Define explicit thresholds: for example, discrepancies up to 2% or 20 euros are approved automatically and logged; above that, the agent prepares the case with all the information and escalates it to the responsible person. This way, the team stops reviewing 500 invoices to review 30.

Step 4: Approvals that don't get stuck

The second time-eater is approvals: invoices waiting for days in the inbox of a manager who doesn't know they are there. The agent routes each invoice to the right person based on amount, cost center, and project, presents it with the context already prepared (order, delivery note, vendor history, detected deviation), and politely chases whoever doesn't respond, with reminders and escalation if the due date approaches.

The valuable side effect: no more late payment surcharges and vendor calls asking about their invoice—and early payment discounts that were previously unreachable because you never made it in time are now open.

Step 5: Accounting and payment proposal

Once the invoice is approved, the agent posts it to your ERP with the correct allocation—account, cost center, project—learned from your history and rules, and incorporates it into the payment proposal for the corresponding due date. Payment execution follows the principle of limits: below the threshold you define, it can go in the batch automatically; above it, it requires explicit human approval. An agent without amount limits is not automation, it's an operational risk.

Step 6: Measure against the baseline and expand

After 4-6 weeks in production, compare against step 0: rate of invoices processed without intervention (goal: exceed 90%), team hours (an 80-90% reduction in cycle time is a normal result), cost per invoice (from 8-15 euros to less than 2), incidents, and late payments. With those numbers on the table, the natural expansion is bank reconciliation and collections, reusing the connections already built. We develop the full reasoning of the circuit and the agent's role in accounts payable automation with AI agents, and the map of the entire finance department is in the complete guide to financial automation with AI.

The three mistakes we see repeated

  • Automating chaos. If today every person approves with a different criterion, unify the criteria before automating; the agent will execute what you define, whether it's consistent or not.
  • Chasing 100%. The last few odd invoices—that vendor who invoices on carbon paper—are not worth the effort. With 90-95% automated, the rest is exception management, and it's fine that it is.
  • Skipping step 0. Without a baseline, in six months the savings will be a discussion of opinions instead of a figure in a report.

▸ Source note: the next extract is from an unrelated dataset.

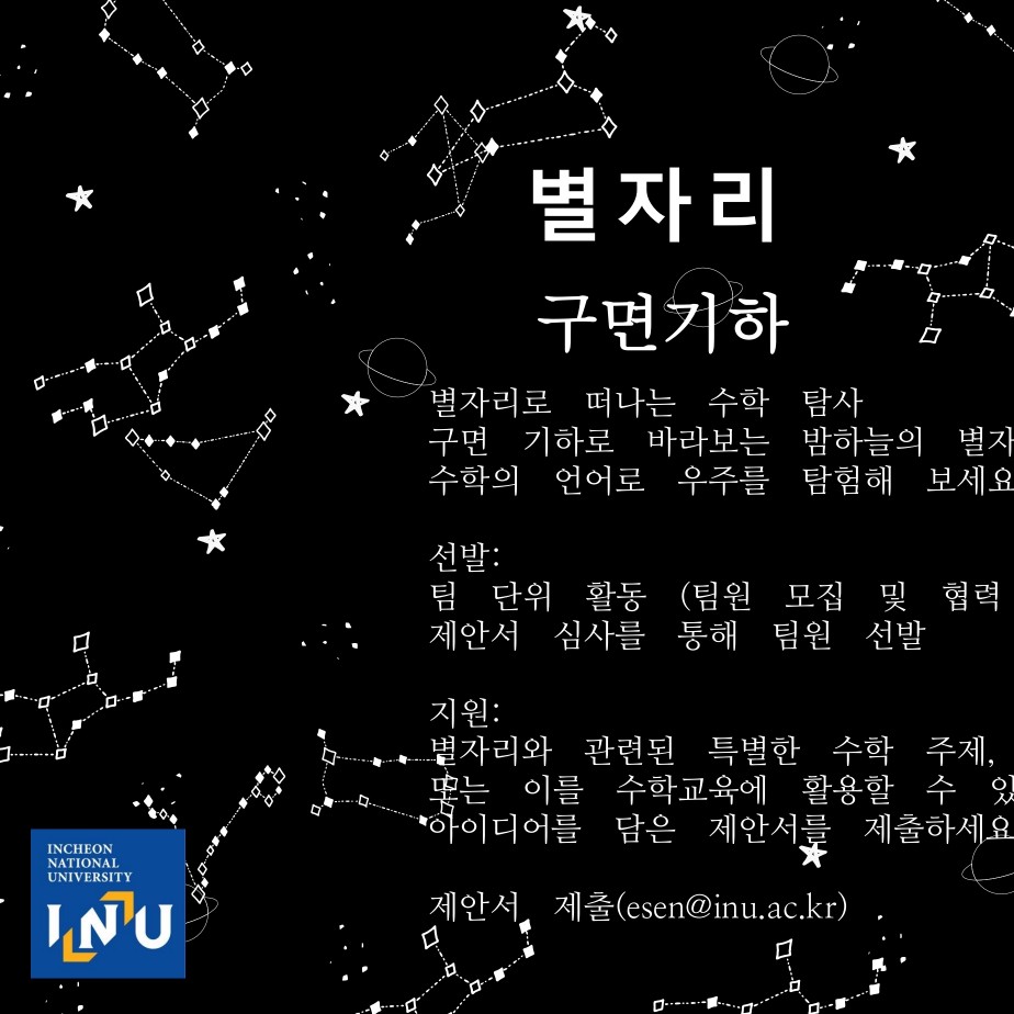 fnctId=bbs,fnctNo=1088 [학사] 별자리로 떠나는 수학 탐사 글번호 413532 작성일 2025-10-03 수정일 2025-10-03 작성자 수학교육과 (032-835-8824) 조회수 44 첨부파일 첨부파일이(가) 없습니다. 다음글 [학사] 2026년 2월 졸업 예정자 교원자격증 취득 예정 증명서 발급 신청 안내 박진우 2025-10-13 09:28:49.0 이전글 [학사] 2026학년도 1학기 학교현장실습 안내 박진우 2025-09-24 14:31:52.0 목록

If you want to know what this project would return in your specific case, start with the free diagnosis of how much manual work is costing you: with your invoice volume and current hours, you'll have the estimate in euros before talking to anyone.

Frequently Asked Questions

Can I automate accounts payable without changing my ERP?

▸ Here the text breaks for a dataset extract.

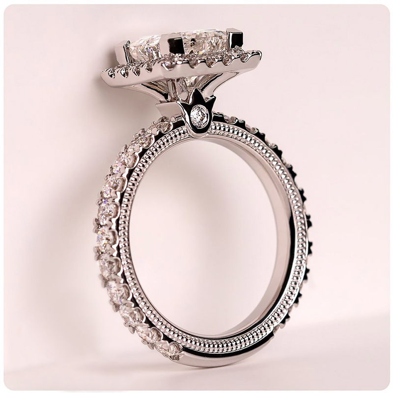 خاتم خطوبة مربع ألماس لامع عصري وجذاب للبيع بالجملة خاتم ألماس أوروبي وأمريكي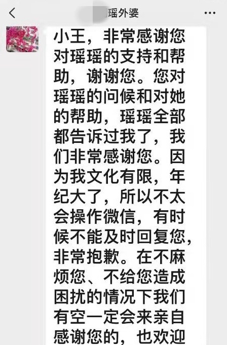 “小王,非常感谢您对瑶瑶的支持和帮助,谢谢您……”5月17日,重庆市未成年犯管教所特警大队民警王朝成收到了他资助的一名学生瑶瑶(化名)的外婆发来的微信。

Yes, and it is recommended. The agent connects through native connectors with your systems to the ERP you already use—SAP, Business Central, Odoo, Holded, A3—and reads and writes in it just as a team member would. Changing ERP to automate is reversing the sequence.

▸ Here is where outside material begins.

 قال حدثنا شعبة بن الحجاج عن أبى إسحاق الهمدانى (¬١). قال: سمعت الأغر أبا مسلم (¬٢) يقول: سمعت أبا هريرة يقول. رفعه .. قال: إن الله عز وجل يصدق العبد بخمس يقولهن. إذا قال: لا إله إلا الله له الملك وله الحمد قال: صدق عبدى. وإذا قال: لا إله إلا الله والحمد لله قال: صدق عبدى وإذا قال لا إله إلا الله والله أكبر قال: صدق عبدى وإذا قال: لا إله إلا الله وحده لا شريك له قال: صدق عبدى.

How long does it take to automate accounts payable?

Between 4 and 8 weeks from start to production, including the two initial weeks of measurement. Factors that lengthen the timeframe are the fragmentation of reception channels and the number of systems to connect, not the volume of invoices.

What percentage of invoices are processed without human intervention?

A well-implemented agent exceeds 90-95% automatic processing, compared to the typical 60-70% for template-based OCR. The rest are real exceptions—discrepancies above the threshold, new vendors—that the agent prepares and escalates with full context.

What real savings can I expect?

The cost per invoice drops from 8-15 euros to less than 2, and the team's time in the cycle is reduced by 80-90%. In a company with 500 invoices per month, that's between 40,000 and 55,000 euros a year, plus avoided surcharges and early payment discounts that become achievable.